This chapter analyzes the taxonomic position of Dicrocoeliidae family and several of its genus and species. The biology of the major species causing veterinary diseases such as Dicrocoelium dendriticum, Dicrocoelium hospes, Dicrocoelium chinensis, Eurytrema pancreaticum and Platynosomum fastosum, has been reviewed. All these species have an indirect life cycle, involving two intermediate hosts (molluscs as first and ants, grasshoppers and lizards as second). Dicrocoelium dendriticum is a very widespread hepatic trematode in the ruminants of many countries in Europe, Asia, North Africa and North America, even affecting humans. Dicrocoelium hospes is widely distributed in the savanna areas of Africa south of the Sahara, while D. chinensis has mainly been found in ruminants in East Asia and some European countries (probably imported from Asia). Eurytrema pancreaticum is a common parasite whose adults live in ruminant bile ducts, gall bladder, pancreatic ducts and intestines in Europe, Madagascar, Asia and South America. Adult P. fastosum live in the liver, gall bladder and pancreas of birds and mammals in Europe, Africa, Asia, North, Central and South America.

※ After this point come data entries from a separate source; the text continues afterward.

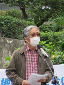 平和市民連絡会の北上田毅さんが、名護市議会の様子を報告し、渡具知市長の意見書、設計変更申請の問題点を解説、「渡具知市長は、何が市民のためになるのか、県民のためになるのかを、真摯に考えた行政を行うべき」と、指摘した。
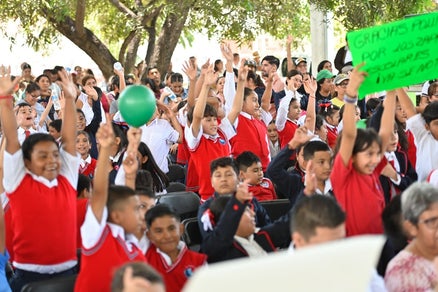 Frente a la entusiasmada comunidad escolar, en la unidad deportiva, el mandatario potosino destacó que en el nuevo ciclo el Gobierno del Estado garantiza el derecho a la educación de la niñez y la juventud, como parte de la estrategia del desarrollo y transformación, para combatir la pobreza y sumar a las y los jóvenes al desarrollo que ha logrado, además de disminuir el gasto familiar en el regreso a clases.
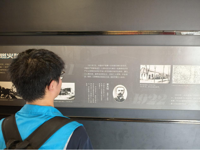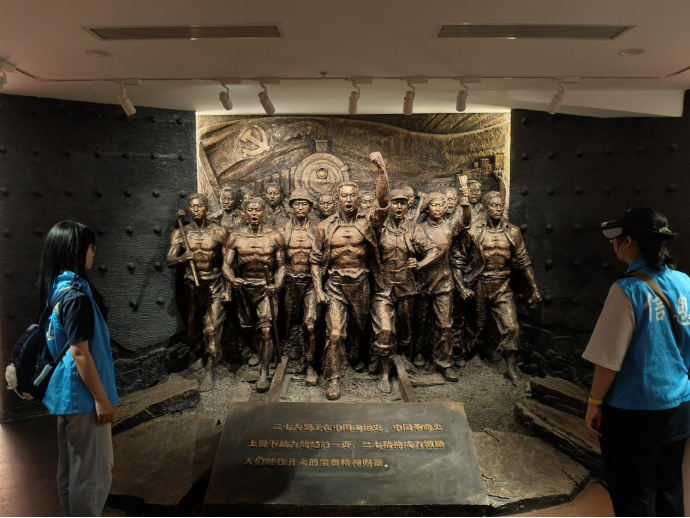 二期纪念馆共分为十层,每一层都介绍了不同时期的发展。团队进入二七纪念馆参观学习的过程中,无时无刻不在为历史洪流中每一个伟大而又渺小的英雄而感动,感受团结互助、无私无畏的革命精神和爱国主义精神。在实践过程中,成员们不仅加深了对二七烈士革命事迹的了解,同时也增强了对爱国主义精神的理解和认识。
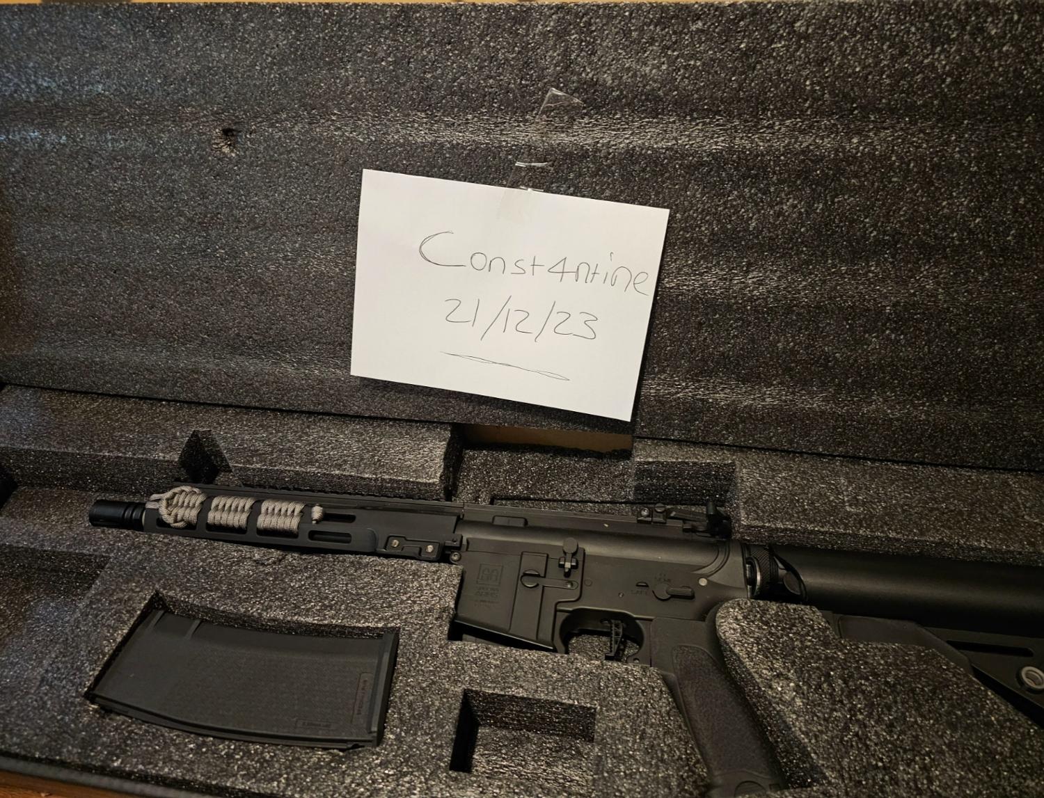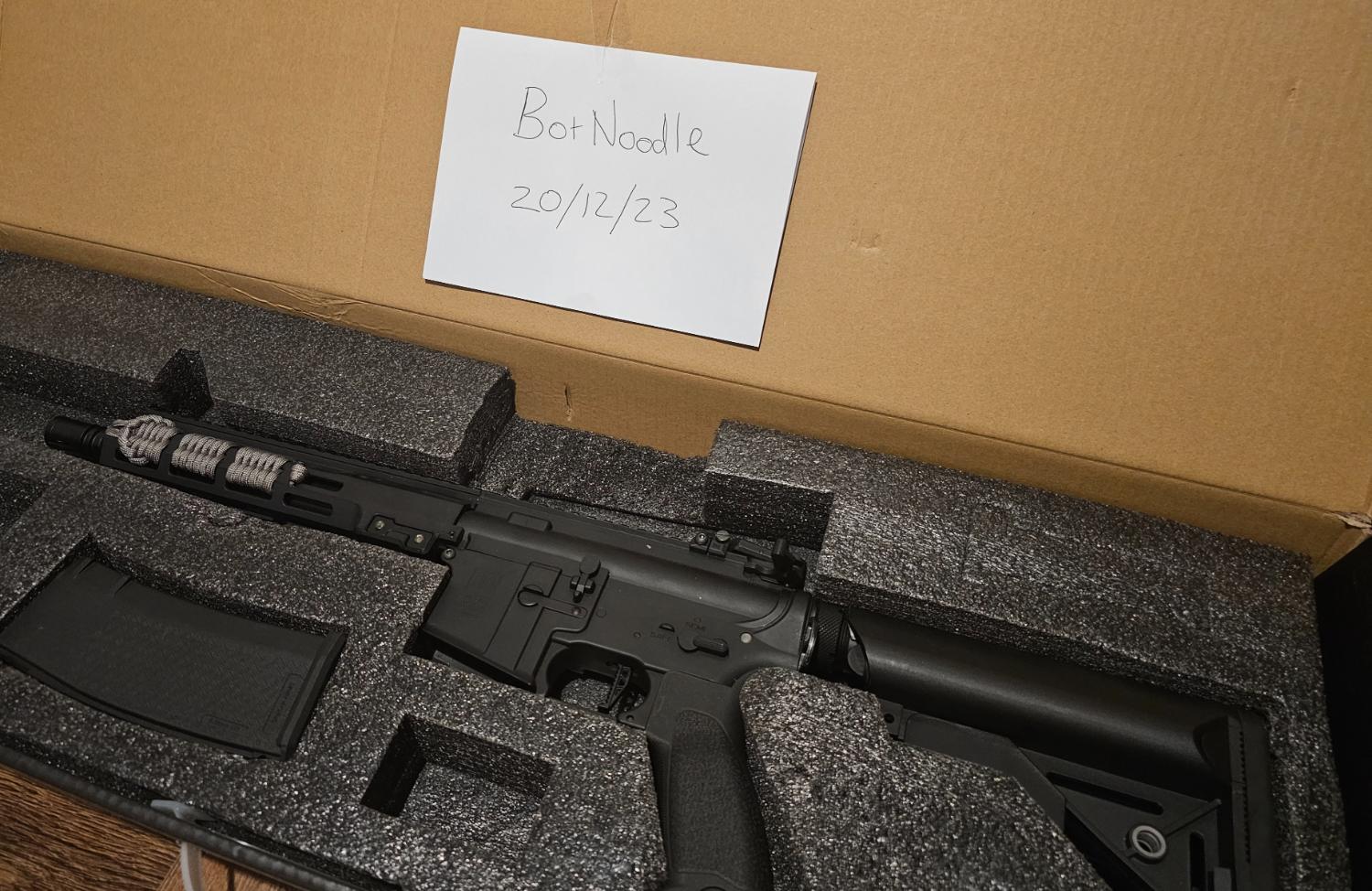 7 months old and only used on 2 or 3 game days (tend to resort to the hicapa). Fires like a dream, a great first RIF! Have braided the handguard with paracord but can be removed super easy. Gun and mags only (no batteries etc.)
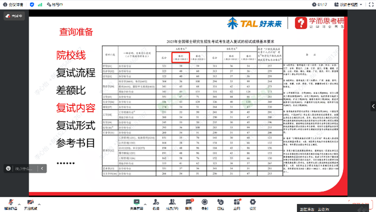 边老师解读了考研复试与调剂的相关政策,并对2025年考研复试国家线进行了科学的预测,以供同学们参考对照。以beat365英国官方网站2024年招收硕士研究生复试考试录取办法为例,为同学们详细讲解了考研复试与调剂的实践技巧,展示了复试常见考察形式及内容,以及调剂的具体方法等。同时,老师也提醒同学们要综合考虑学校招生政策、分数线及未来职业规划,有针对性地进行备考。
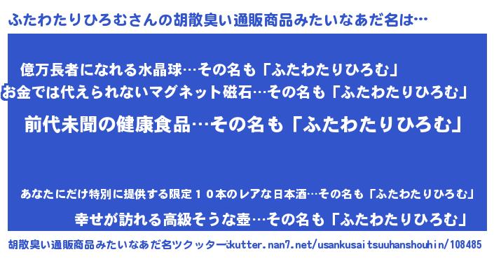 | ヘコむあだ名 | 『ふたわたりひろむ(笑)』『ふたふぇ~』 |
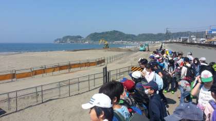 バスは順調に鎌倉へ。予定より早く着いたので、由比ヶ浜まで行って、海を見てから出発することにしました。晴れた海は、気持ちがいいですね。
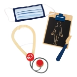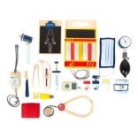 Tento záchranársky batoh je ideálny pre detskú hru na lekára. Vo vnútri nájdete drevené nástroje ako stetoskop, teplomer, otoskop s lupou a dokonca aj defibrilátor. Deti sa môžu naučiť rozpoznávať lekárske vybavenie a simulovať záchranárske postupy.
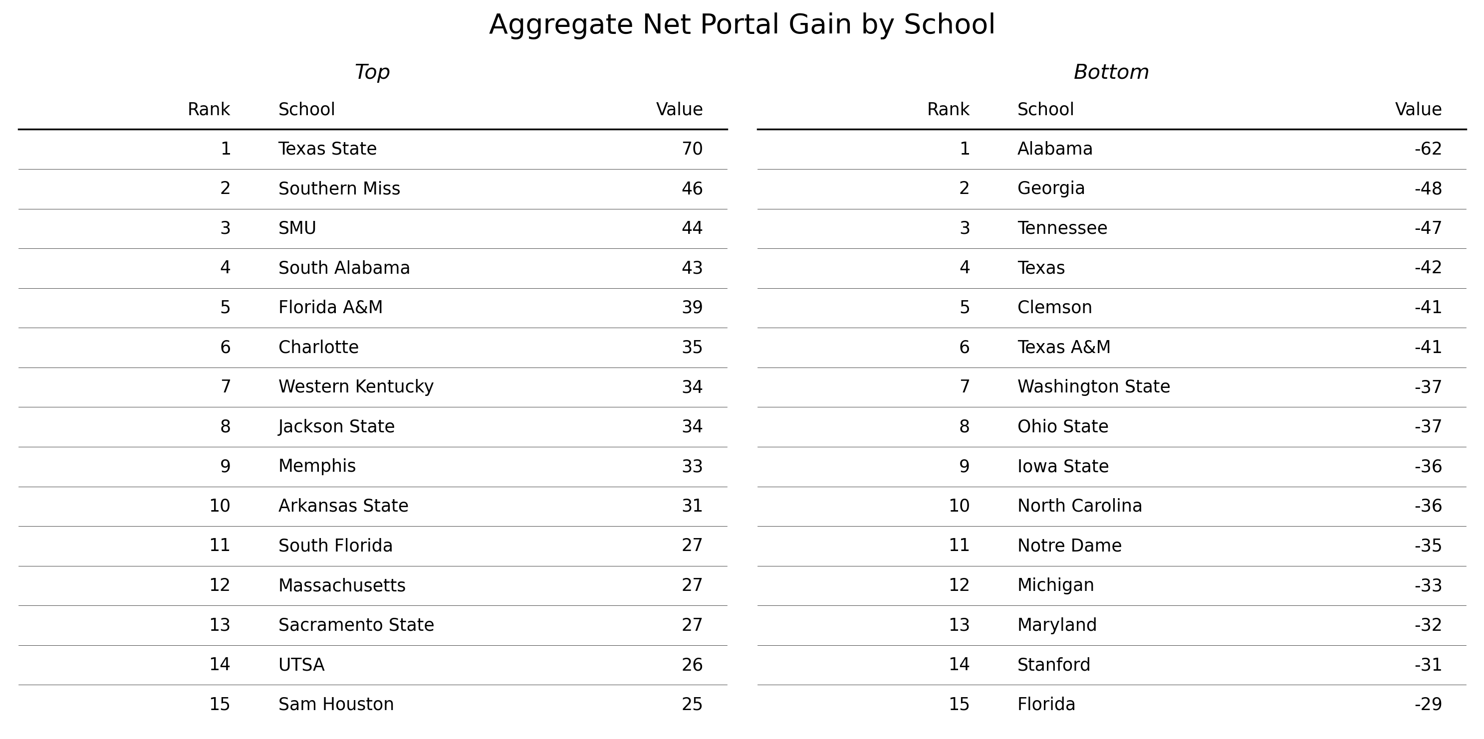 The bottom 15 is filled to the brim with blue-bloods, some of the most successful and prestigious programs of the past 25 years. These programs are being drained of players at an astounding rate. Meanwhile, the other side consists mainly of much-less-prestigious G6 schools which are happily profiting off the difference.

Information about the epidemiology, pathology, clinical aspect, diagnosis, treatment, control, prevention and economic impact mainly of Dicrocoeliosis produced by D. dendriticum, as well as of Eurytrematodosis and Platynosomiosis has been included.

Keywords

Bile Duct Gall Bladder Intermediate Host Definitive Host Ventral Sucker 
These keywords were added by machine and not by the authors. This process is experimental and the keywords may be updated as the learning algorithm improves.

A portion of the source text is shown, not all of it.